Les histoires thermiques modélisées pour la composante à 35.3±9.5 Ma montrent un premier refroidissement des apatites détritiques entre 60 et 30 Ma, suivi d’un faible réchauffement de 20-10°C, puis d’un refroidissement final jusqu’en surface depuis 12-10 Ma. Les apatites les plus vieilles restant en marge de la zone de cicatrisation partielle (50-60°C) entre 50 et 10 Ma (Figure 5.8a). Cependant, la distribution d’âge prédit un pic d’âge autour de 31±5 Ma, manquant ainsi le pic d’âge observé à ~6 Ma (Figure 5.8a). La distribution moyenne des âges prédits se rapproche de la distribution observée avec un

pic d’âge à ~13 Ma (Figure 5.8a). Toutefois, les données observées sont assez dispersées, et la distribution d’âges décroît graduellement de 6 Ma à 80 Ma. L’inclusion des âges in-situ ne réduit pas de manière significative l’écart entre la distribution d’âge prédite et observée, qui montre toujours un pic à

~33 Ma (Figure 5.8b). L’inclusion de ces âges augmente même la prédiction d’âge plus vieux >60 Ma. L’histoire thermique reste relativement similaire à celle modélisée avec les âges détritiques seuls, sauf pour les âges les plus jeunes qui séjournent dans la partie basse de la ZCP de >90 Ma à 40 Ma. De façon similaire à Gallagher et Parra (2020), les âges in-situ, ici originaires du CIT (Baker et Seward, 1996; Annexe 5.5), montrent des âges plus vieux aux altitudes intermédiaires du bassin de drainage (1300-1700 m), que celles prédites par la modélisation des âges détritiques seuls. Cela force ainsi la prédiction d’âge plus vieux à plus haute altitude, et donc au décalage de la distribution d’âges prédite vers les âges plus vieux.

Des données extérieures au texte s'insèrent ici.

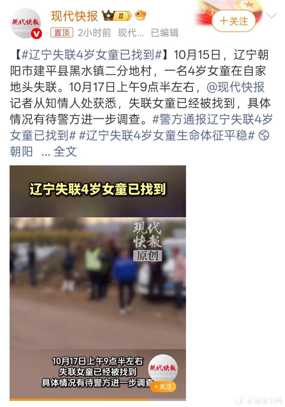 辽宁失联4岁女童已找到太好了!经过2天的搜寻,孩子已经找到,生命体征平稳,大家担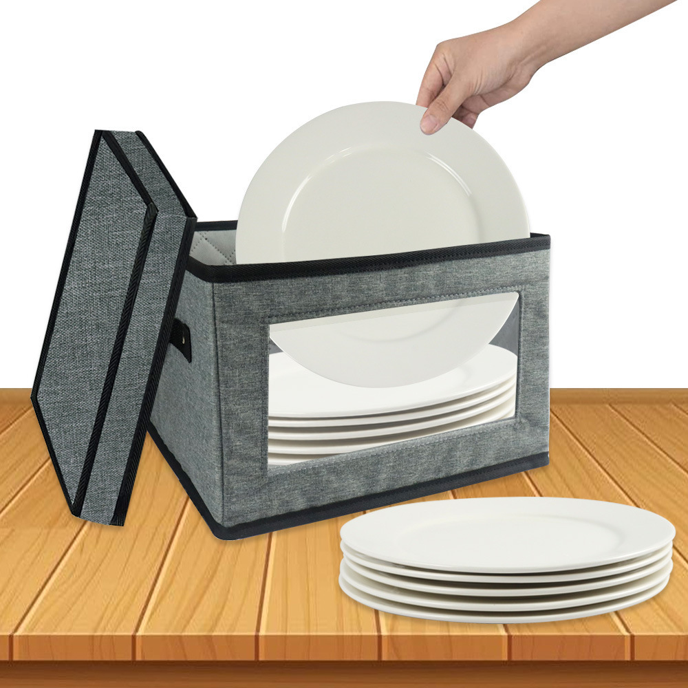 【尺寸】:餐具收纳盒尺寸为 30*30*20cm 厘米,每个盒子配有 12 个毛毡隔板,可容纳直径为 12 个直径为 8 英寸(或更小的)盘子。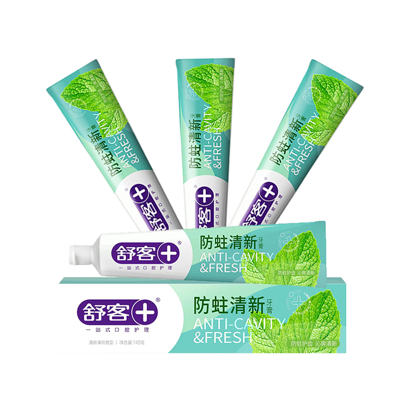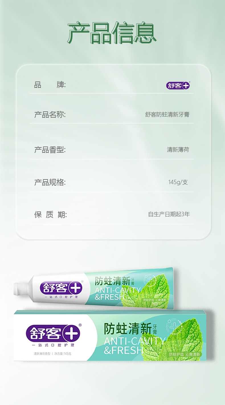 商品名称:(世星阳光)舒客防蛀清新 沁爽炫白 沁爽清新牙膏 专业护龈洁齿强烈 防蛀清新牙膏 145g*3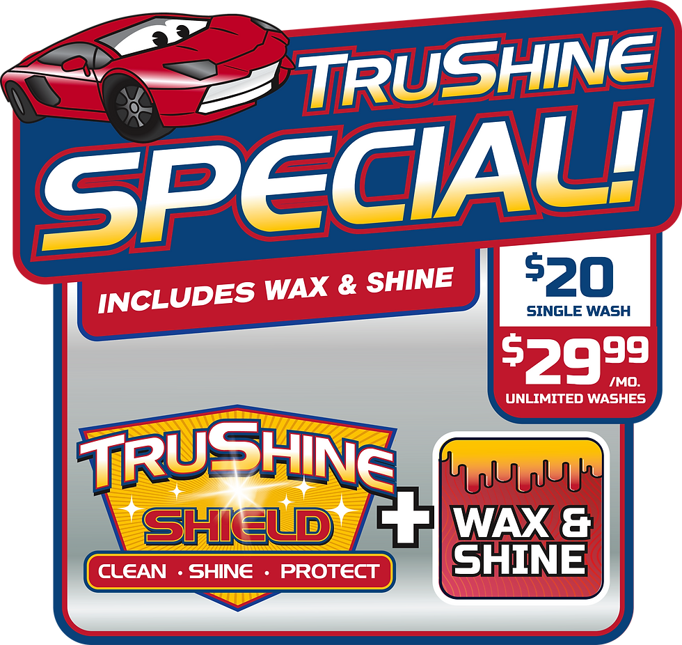 - At TruShine, we pride ourselves in using industry-leading technology that delivers consistent quality, leaving you with a clean and shiny car each and every time you wash. Our state-of-the-art wash tunnel is designed with you and your auto in mind, providing a better wash experience. Unlike common conveyor belt systems, which are known to harm or damage vehicles, TruShine uses a rail system to ensure a smooth and even wash performance. All locations are also equipped with the latest tag recognition software available, so you can say "goodbye" to window stickers.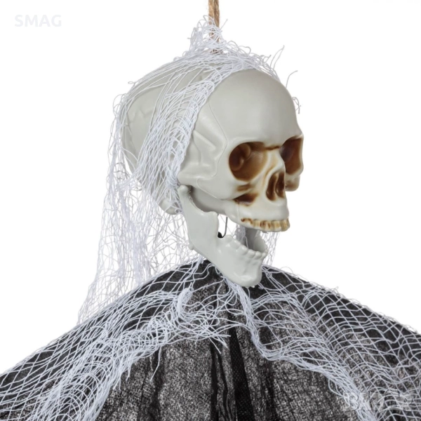 Създайте страховита Halloween / Хелоуин атмосфера с този висящ декоративен скелет! Изработен от пластмаса с черен плат и марли, той добавя драматичен и зловещ акцент към вашата декорация. Перфектен за дома, градината или парти пространство, този скелет прави Halloween / Хелоуин украсата още по-реалистична и впечатляваща.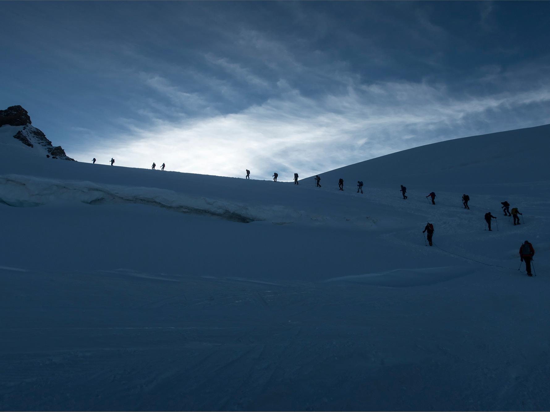 Ранний старт. Траверс вершин в соответствии с текущими подгодными условиями и состоянием ледников. Спуск в долину.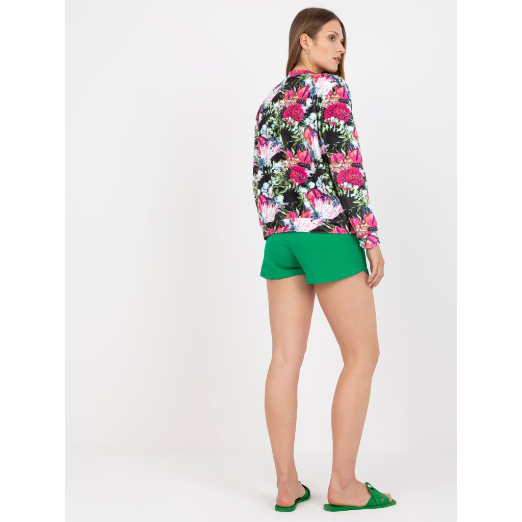 Lesklá viskózová mikina bomber s potiskem se skvěle hodí na každodenní nošení, do města, na procházku či jiné příležitosti. Mikina je vyrobena z kombinace 90% viskózy a 10% elastanu a vyznačuje se designem a pohodlným střihem.Modelka má na sobě velikost S/M.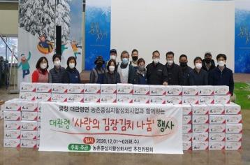 대관령농촌중심지활성화사업추진위원회(위원장 박정우)는 어울마당에서 ‘사랑의 김장김치 나눔’ 행사를 진행했다. 이날 행사에는 박정우 위원장을 비롯해 면사무소직원 및 대관령면 사회단체장 등이 모여 약 20여명은 500여 포기의 김장김치를 만들었으며, 완성된 김치는 대관령 내 도움이 필요한 180가구에 전달 할 예정이다.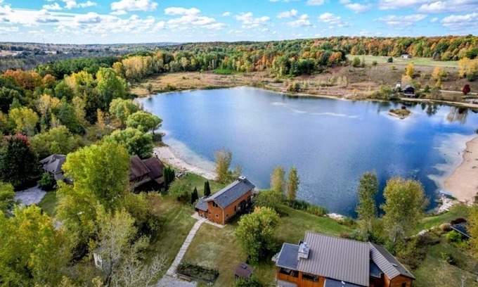 Longhouse-Style Architecture: Unique design with expansive windows showcasing lake views.

Figure 5.8. Histoires thermiques et distributions d’âges détritiques modélisées pour la composante d’âges identifiée autour de

35.3±9.5 pour l’échantillon n°6, du bassin de drainage du mont Tapuaenuku. Les histoires thermiques ont été modélisées à partir des données détritiques seules (a) et en combinaison avec des âges in-situ (b). La signification des courbes est similaire à celle à la Figure 5.5. Toutefois, pour l’inversion avec les âges in-situ (b), les courbes orange montrent les histoires thermiques pour les échantillons in-situ du profil vertical. LV : log de vraisemblance.